L’éducation CE inspecterait les écoles de matatiele indépendantes

Maria

L'éducation CE inspecterait les écoles de matatiele indépendantes

MATATIELE – Le ministère de l’Éducation du Cap oriental visiterait les écoles indépendantes de Matatiele, pour inspecter si les écoles sont enregistrées et respectent les normes de sécurité, entre autres.

C’est après que trois enfants aient été violés dans la municipalité locale, prétendument sur le terrain de l’école.

Les incidents, en particulier le viol d’une fillette de 7 ans en octobre 2024, ont provoqué un tollé à travers le pays, appelant à la justice pour les mineurs.

Les deux dernières semaines ont vu de multiples manifestations appelant à l’action et des représentants du gouvernement se rendant à la province pour tenter de calmer la situation.

Mais une plus grande colère découle de la gestion de la situation par les autorités et du directeur dans lequel la petite fille aurait été violée.

Un certain sens de la normalité et du calme est revenu à Matatiele.

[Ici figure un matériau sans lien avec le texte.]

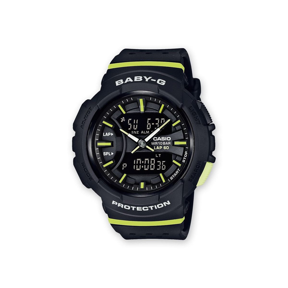 Casio Baby-G / orologio unisex / quadrante nero / cassa resina / cinturino resina nera e verde

Le deuxième mandat a commencé, les pieds de la rue dans les rues, les uniformes scolaires soigneusement pressés et les sacs à dos sont en suspension sur les épaules.

Mais sous le bavardage et les rires entre camarades de classe et échanges entre voisins, une réalité plus sombre persiste encore dans la zone rurale.

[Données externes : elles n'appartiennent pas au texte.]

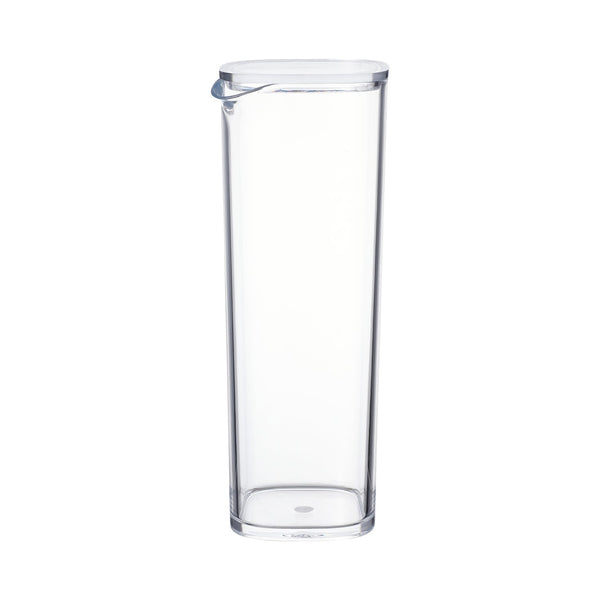 極めてシンプルで、品位ある佇まいのOVA。蓋とボディの2つのパーツのみで構成されており、片手で楽に注げるように使い心地を計算しつくしたデザインです。樹脂製のやわらかな四角形のフォルムは手に馴染み、ハンドルがなくても心地よく注げる設計。蓋はボディにぴったりとはまり、傾けても落ちにくくなっています。注ぎ口はすっきりとしたラインで、液だれしにくく、ドリンクがスムーズに流れます。

Le viol de plusieurs personnes, dont des enfants, un, une fille de sept ans dont le viol a provoqué un tollé à travers le pays.

Ce n’est que la pointe de l’iceberg dans la municipalité locale – à environ 9 kilomètres du centre-ville est un petit garçon qui a également été violée dans les locaux d’un centre de développement de la petite enfance.

Sa grand-mère, qui l’a élevé, a remarqué un changement dans la marche et le comportement de l’enfant à son retour de l’école en octobre 2024.

«Je lui ai demandé plus tard le même jour si quelqu’un avait touché son corps et l’avait blessé sans être précis parce que je ne voulais pas lui demander si cela se produisait à l’école. Il a confirmé qu’il y en avait.

« Il a exprimé de la douleur et a serré la poignée de la porte. J’ai demandé qui c’était, et il l’a nommé. Il a expliqué ce que la personne lui avait fait. Il a dit qu’il était allé aux toilettes et que la personne l’a emmené à son bureau, l’a placé sur son ventre, enlevé ses vêtements. »

Ces viols ont vu des appels de nombreux secteurs pour une intervention urgente avec diverses manifestations organisées à travers le pays, y compris dans le lieu où les violations ont eu lieu.

Le tollé national a forcé les meilleurs cuivres de la police à descendre dans la province pour peindre à travers le dossier de la fillette de 7 ans pour voir si quelque chose avait été manqué lors des enquêtes sur l’incident.

Mais ces efforts ne suffisent pas à éclipser ce que les familles pensent que les autorités chargées de l’application des lois, en particulier la famille d’une autre fille de 7 ans de Gobizembe.

«L’enfant est blessé. Nous n’avons pas été informés qu’un suspect avait été arrêté. Il y avait un silence. À un moment donné, lorsque nous sondions, on nous a dit que le suspect avait été libéré.

« Premièrement, on ne nous a pas dit qu’il avait été arrêté. Nous ne savions même pas qu’il avait également été libéré. ​​Qui a la preuve qu’il a été arrêté? »

Les écoles dans lesquelles les enfants auraient été violées restent ouvertes.

L’un d’eux a lancé une action en justice pour tenter d’interdire le département de l’éducation provinciale de la suppression de l’institution.

Cela offre peu de réconfort aux familles et à la communauté qui se sent avalée par des maux sociaux tels que développés par un militant local qui souhaitait rester anonyme.

«Donc, rétrospectivement, les enfants vont encore mourir. Quand vous partez, lorsque le ministre partit, s’il n’y a pas de processus et de voies claires sur la façon de freiner cette chose, nous allons toujours avoir des cas.

«Nous allons toujours faire mourir des gens, nous allons toujours faire violer des enfants, nous allons toujours faire violer des femmes, nous allons toujours avoir une violence basée sur le genre« jusqu’à ce que le royaume vienne ».